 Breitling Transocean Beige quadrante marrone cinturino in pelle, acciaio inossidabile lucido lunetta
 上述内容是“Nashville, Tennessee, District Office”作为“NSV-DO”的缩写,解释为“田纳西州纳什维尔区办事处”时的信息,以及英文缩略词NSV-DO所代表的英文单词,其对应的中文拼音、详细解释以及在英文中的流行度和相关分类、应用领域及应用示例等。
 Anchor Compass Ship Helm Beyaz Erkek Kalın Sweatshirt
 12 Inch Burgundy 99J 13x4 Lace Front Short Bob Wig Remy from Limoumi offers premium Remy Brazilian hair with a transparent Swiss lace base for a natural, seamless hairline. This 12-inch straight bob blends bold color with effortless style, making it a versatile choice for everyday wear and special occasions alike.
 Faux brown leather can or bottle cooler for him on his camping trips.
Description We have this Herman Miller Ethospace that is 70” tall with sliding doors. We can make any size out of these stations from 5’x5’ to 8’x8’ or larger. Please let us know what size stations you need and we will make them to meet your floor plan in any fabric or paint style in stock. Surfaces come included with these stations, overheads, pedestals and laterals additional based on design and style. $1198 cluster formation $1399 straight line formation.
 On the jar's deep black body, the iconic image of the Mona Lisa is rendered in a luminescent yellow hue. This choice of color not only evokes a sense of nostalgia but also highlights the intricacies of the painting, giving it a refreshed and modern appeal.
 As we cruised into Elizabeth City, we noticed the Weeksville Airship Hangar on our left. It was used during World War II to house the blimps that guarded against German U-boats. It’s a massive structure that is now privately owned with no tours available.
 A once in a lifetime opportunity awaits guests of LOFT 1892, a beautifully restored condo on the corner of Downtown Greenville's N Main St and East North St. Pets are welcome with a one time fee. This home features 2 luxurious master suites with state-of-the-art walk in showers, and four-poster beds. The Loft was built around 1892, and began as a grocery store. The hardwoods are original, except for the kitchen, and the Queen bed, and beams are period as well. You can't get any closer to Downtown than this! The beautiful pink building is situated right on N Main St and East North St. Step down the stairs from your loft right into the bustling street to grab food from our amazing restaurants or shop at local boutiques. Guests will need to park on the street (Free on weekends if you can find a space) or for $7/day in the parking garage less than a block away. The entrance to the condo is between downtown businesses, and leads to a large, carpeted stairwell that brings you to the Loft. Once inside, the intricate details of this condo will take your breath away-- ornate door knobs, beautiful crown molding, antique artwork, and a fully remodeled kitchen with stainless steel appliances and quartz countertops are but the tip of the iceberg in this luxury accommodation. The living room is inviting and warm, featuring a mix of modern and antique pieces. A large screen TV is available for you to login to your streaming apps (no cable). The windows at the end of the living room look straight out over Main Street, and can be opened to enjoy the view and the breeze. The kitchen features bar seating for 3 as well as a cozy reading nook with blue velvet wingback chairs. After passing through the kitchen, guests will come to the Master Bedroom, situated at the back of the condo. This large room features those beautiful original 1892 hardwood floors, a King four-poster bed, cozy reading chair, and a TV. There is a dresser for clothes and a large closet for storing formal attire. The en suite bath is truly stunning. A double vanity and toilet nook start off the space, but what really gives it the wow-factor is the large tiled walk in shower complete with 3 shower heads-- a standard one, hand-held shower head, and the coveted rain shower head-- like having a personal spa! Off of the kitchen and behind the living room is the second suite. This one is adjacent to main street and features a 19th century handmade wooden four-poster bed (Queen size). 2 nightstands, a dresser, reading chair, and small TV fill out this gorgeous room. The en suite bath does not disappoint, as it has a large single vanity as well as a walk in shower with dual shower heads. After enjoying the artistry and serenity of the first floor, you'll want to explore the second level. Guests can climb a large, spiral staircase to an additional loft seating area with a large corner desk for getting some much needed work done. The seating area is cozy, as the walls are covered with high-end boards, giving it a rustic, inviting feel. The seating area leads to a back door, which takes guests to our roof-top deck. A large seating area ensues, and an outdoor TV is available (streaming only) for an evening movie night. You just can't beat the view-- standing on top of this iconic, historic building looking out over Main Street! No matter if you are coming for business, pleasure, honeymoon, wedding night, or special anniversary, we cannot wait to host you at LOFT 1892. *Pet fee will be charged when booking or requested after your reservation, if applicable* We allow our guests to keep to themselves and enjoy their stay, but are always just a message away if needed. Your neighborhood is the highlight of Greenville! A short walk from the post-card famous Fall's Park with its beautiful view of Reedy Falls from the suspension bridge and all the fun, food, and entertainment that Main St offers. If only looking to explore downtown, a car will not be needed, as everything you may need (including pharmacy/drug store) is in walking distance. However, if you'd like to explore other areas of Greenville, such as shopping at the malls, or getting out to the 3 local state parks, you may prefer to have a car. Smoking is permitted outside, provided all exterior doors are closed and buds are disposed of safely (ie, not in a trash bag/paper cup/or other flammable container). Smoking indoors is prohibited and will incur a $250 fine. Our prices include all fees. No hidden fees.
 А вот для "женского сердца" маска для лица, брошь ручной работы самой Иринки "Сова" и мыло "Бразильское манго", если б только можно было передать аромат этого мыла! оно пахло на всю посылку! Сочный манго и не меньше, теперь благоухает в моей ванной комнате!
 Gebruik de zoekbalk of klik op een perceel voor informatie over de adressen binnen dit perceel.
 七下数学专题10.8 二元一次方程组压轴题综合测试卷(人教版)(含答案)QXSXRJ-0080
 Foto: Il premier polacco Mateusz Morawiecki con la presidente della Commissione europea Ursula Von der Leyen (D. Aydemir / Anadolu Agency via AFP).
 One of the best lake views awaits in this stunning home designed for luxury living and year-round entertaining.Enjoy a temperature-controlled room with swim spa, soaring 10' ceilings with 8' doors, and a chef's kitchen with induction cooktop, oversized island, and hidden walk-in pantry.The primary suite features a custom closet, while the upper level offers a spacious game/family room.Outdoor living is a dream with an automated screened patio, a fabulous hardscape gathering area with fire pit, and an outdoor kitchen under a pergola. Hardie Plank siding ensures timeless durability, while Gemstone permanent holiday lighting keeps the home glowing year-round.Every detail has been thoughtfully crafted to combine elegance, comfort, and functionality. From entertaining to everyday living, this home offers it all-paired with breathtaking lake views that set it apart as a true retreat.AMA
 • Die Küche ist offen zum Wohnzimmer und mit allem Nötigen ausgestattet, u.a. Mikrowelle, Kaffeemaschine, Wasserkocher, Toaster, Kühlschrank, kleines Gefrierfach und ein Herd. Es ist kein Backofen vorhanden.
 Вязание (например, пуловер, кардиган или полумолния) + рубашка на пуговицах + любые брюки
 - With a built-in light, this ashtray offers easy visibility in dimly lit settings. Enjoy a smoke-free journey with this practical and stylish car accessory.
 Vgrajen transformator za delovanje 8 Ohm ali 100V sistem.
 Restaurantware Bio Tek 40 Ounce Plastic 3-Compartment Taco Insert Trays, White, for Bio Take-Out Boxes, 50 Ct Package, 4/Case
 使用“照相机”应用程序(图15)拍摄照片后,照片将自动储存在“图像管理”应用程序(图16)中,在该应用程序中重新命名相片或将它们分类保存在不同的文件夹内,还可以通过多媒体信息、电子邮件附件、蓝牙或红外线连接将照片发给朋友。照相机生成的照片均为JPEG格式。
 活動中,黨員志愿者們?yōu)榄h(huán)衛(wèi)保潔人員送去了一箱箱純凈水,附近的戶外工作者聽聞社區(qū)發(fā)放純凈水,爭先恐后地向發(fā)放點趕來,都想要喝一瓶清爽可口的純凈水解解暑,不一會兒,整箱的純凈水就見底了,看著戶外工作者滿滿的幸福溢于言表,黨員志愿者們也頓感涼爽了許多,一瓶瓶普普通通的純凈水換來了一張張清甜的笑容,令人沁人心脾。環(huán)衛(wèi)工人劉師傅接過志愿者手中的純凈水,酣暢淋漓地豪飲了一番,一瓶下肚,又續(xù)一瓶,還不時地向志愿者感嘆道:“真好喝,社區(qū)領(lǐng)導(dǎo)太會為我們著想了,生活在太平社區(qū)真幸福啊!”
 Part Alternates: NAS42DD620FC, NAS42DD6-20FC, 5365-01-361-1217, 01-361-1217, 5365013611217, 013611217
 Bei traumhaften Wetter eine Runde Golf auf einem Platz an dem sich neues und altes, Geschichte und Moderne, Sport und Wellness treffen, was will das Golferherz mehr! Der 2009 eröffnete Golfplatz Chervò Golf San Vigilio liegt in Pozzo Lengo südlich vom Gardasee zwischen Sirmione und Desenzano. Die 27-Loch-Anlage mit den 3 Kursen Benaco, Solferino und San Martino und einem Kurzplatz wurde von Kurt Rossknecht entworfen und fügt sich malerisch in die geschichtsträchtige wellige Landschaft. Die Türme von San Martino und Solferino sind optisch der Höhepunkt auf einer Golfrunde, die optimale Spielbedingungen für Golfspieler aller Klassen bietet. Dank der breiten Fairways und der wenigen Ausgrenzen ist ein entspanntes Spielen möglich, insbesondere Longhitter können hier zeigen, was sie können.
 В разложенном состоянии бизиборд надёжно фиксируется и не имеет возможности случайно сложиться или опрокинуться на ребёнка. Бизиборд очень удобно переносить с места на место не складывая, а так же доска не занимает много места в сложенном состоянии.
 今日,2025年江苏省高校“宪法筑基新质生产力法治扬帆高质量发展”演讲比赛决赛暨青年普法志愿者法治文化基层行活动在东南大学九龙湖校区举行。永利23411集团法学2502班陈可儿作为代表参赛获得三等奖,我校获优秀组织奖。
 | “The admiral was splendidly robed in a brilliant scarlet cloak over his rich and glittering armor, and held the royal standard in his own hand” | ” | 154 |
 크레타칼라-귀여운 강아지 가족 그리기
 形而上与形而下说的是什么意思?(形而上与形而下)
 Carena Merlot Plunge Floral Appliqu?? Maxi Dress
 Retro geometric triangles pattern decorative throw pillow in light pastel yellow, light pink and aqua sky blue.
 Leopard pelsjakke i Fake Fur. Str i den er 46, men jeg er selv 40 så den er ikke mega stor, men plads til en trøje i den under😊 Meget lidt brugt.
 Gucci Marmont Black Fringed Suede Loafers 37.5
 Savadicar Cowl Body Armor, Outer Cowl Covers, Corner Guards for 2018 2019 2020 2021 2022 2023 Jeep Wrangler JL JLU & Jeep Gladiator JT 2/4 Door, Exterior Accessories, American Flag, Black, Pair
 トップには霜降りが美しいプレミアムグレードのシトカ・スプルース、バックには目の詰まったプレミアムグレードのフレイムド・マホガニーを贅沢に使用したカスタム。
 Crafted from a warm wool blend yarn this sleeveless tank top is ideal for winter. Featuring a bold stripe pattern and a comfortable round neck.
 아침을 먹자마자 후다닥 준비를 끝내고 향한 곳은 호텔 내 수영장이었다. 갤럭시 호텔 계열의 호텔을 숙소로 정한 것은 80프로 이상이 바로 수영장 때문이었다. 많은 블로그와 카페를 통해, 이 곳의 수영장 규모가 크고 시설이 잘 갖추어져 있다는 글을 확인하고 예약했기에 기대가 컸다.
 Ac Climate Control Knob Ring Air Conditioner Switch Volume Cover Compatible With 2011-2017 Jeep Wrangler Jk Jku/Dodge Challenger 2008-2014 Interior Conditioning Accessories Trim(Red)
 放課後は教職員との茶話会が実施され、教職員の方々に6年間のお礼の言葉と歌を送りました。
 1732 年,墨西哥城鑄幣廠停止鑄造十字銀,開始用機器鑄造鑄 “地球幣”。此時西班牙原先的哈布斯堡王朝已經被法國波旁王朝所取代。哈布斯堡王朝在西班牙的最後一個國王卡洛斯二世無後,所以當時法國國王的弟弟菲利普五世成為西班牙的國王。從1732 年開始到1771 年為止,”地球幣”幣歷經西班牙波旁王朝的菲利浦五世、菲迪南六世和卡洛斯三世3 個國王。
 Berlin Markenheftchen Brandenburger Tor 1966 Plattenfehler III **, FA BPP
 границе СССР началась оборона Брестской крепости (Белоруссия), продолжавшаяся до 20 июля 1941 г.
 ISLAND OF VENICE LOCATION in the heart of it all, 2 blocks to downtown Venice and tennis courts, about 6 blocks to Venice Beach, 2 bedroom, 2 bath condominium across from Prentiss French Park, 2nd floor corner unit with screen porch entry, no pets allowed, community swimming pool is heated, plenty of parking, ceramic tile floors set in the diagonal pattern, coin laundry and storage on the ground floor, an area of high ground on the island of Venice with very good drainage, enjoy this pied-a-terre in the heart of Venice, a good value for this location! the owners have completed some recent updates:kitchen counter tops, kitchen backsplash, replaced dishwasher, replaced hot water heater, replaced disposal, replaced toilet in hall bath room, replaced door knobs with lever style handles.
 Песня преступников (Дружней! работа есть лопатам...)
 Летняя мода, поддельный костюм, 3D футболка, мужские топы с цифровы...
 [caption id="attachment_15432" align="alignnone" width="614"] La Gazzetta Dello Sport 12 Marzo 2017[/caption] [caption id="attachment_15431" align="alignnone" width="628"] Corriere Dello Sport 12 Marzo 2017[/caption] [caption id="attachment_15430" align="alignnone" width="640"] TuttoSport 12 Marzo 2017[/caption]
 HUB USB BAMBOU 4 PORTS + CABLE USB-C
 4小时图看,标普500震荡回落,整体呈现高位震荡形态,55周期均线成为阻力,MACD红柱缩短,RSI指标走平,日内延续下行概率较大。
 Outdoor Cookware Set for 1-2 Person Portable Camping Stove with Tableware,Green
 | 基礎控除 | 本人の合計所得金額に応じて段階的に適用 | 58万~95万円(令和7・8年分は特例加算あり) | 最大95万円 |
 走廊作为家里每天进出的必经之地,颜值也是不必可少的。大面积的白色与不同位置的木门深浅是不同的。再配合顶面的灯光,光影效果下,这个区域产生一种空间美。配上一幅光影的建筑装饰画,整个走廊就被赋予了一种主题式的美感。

================================

| PROBLEM REQUIREMENTS |
Among the entries above, count the lines that contain the word "Accessories" and give the number by itself.

| RESPONSE BELOW |
2